Computer-Aided Reading of Mammograms Crashes

[The more we can get this information out, the better it will be.]

SACRAMENTO, April 4 — Computer-aided detection degrades the performance of screening mammography, reported a multicenter team.

In a study of more than 429,000 mammogram results, there was a significant drop in diagnostic specificity after computer-aided detection was introduced to various centers, reported Joshua J. Fenton, M.D., M.P.H., of the University of California at Davis, and colleagues, in the April 5 issue of the New England Journal of Medicine.

There was a significant increase in false-positive results and unnecessary biopsies, they added.

“In our observational study of large numbers of community-based mammography facilities and patients, the use of computer-aided detection was associated with increases in potential harms of screening mammography, including higher recall and biopsy rates, and was of uncertain clinical benefit,” they wrote.

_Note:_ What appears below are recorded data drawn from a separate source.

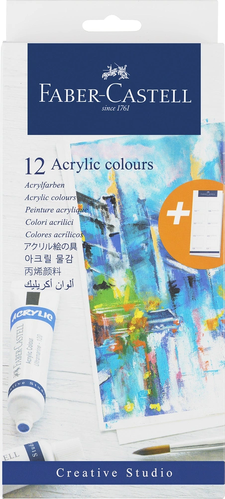 Goldfaber - Start sæt med 12 ass. Akryl farver, Ultimativt godt kompakt sæt, som er en god og billig måde at komme i gang med. Kunstnere er især inspireret af det høje indhold af pigmenter og de klare farver, som kan bruges direkte fra tuben. Den cremede
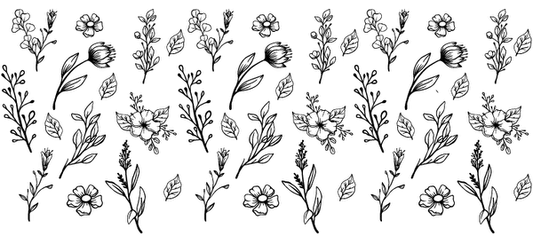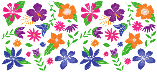 A vibrant floral pattern featuring a variety of colorful flowers and lush green leaves, perfect for spring designs.UV Transfers dtf prints
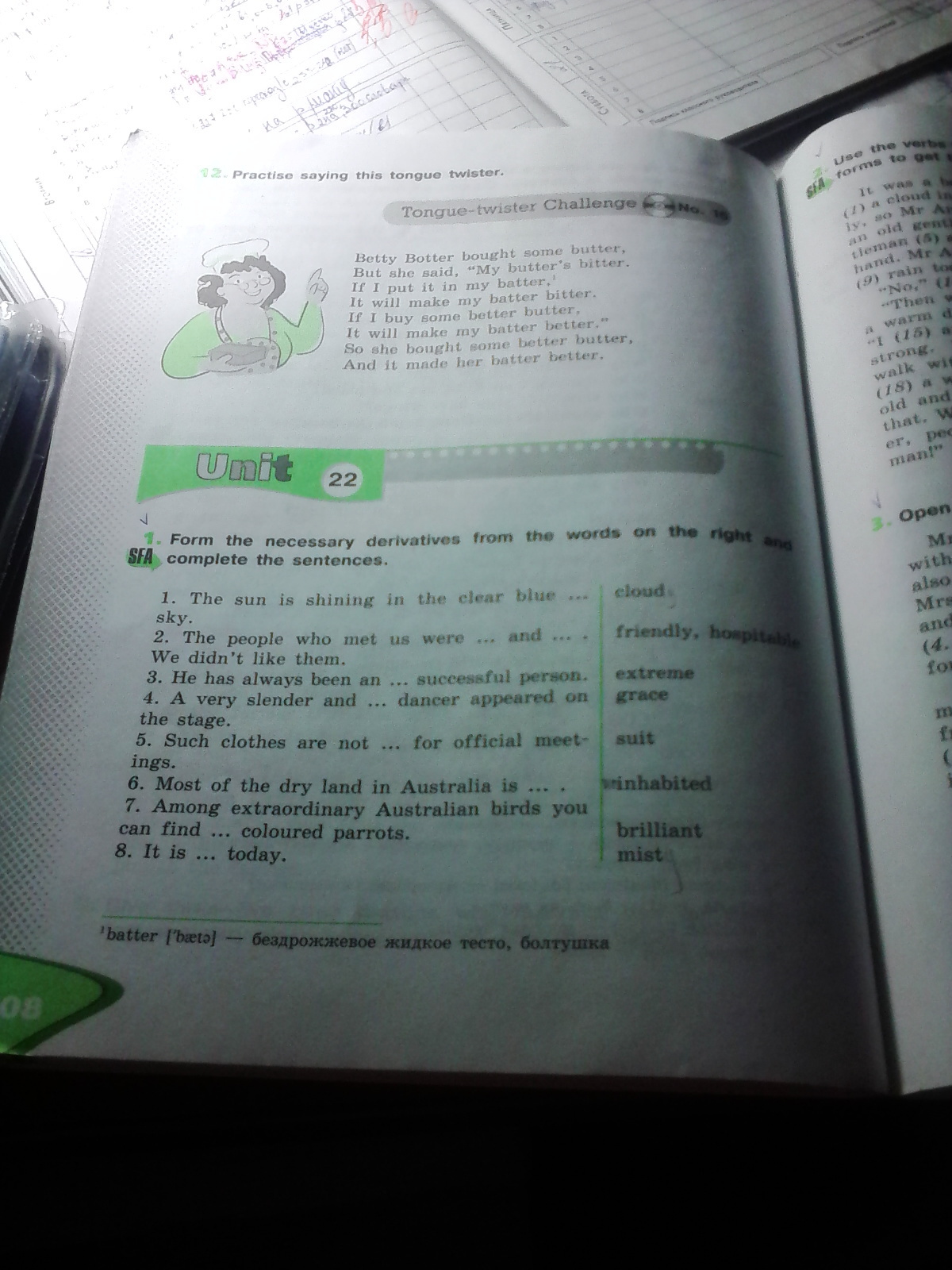 1 cloudy 2 unfriendly and inhospitable 3 extremely 4 graceful 5 suitable 6 uninhabited 7 brilliantly 8 misty

Dr. Fenton and colleagues evaluated the association between the use of computer-aided detection and the performance of screening mammography from 1998 through 2002 at 43 facilities in three states. They evaluated data on a total of 429,345 mammograms in 222,135 women, of whom 2,351 had received a diagnosis of breast cancer within a year of screening.

The authors calculated the specificity, sensitivity, and positive predictive value of screening mammography with and without computer-aided detection. They also calculated the rates of biopsy and breast-cancer detection, and at the overall accuracy of screening, which they determined by the area under the receiver-operating-characteristic curve.

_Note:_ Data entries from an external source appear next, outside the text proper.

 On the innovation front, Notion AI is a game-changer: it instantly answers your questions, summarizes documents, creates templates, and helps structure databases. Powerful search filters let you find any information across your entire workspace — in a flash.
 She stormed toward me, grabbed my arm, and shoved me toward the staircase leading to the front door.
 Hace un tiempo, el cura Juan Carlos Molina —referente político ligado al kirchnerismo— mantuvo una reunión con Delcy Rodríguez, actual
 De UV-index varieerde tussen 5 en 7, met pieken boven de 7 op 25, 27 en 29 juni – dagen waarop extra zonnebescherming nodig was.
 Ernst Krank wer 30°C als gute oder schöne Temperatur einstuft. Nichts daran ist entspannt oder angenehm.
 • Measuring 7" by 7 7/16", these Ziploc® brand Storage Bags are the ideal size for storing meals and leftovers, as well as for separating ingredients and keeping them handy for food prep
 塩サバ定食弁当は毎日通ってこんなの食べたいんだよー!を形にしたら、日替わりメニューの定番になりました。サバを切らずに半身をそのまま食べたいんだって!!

In all, seven of the 43 facilities started using computer-aided detection during the study period, and the remainder of facilities served as controls.

Among the computer-using centers, the diagnostic specificity of screening mammography declined significantly from 90.2% before computers, to 87.2% after. In addition, the positive predictive value decreased from 4.1% pre-computer to 3.2% with computer assistance (P=0.01).

Although computer-assisted detection increased the sensitivity of screening mammography compared with human-only review (from 80.4% before to 84.0% after), this difference was not statistically significant (P=0.32).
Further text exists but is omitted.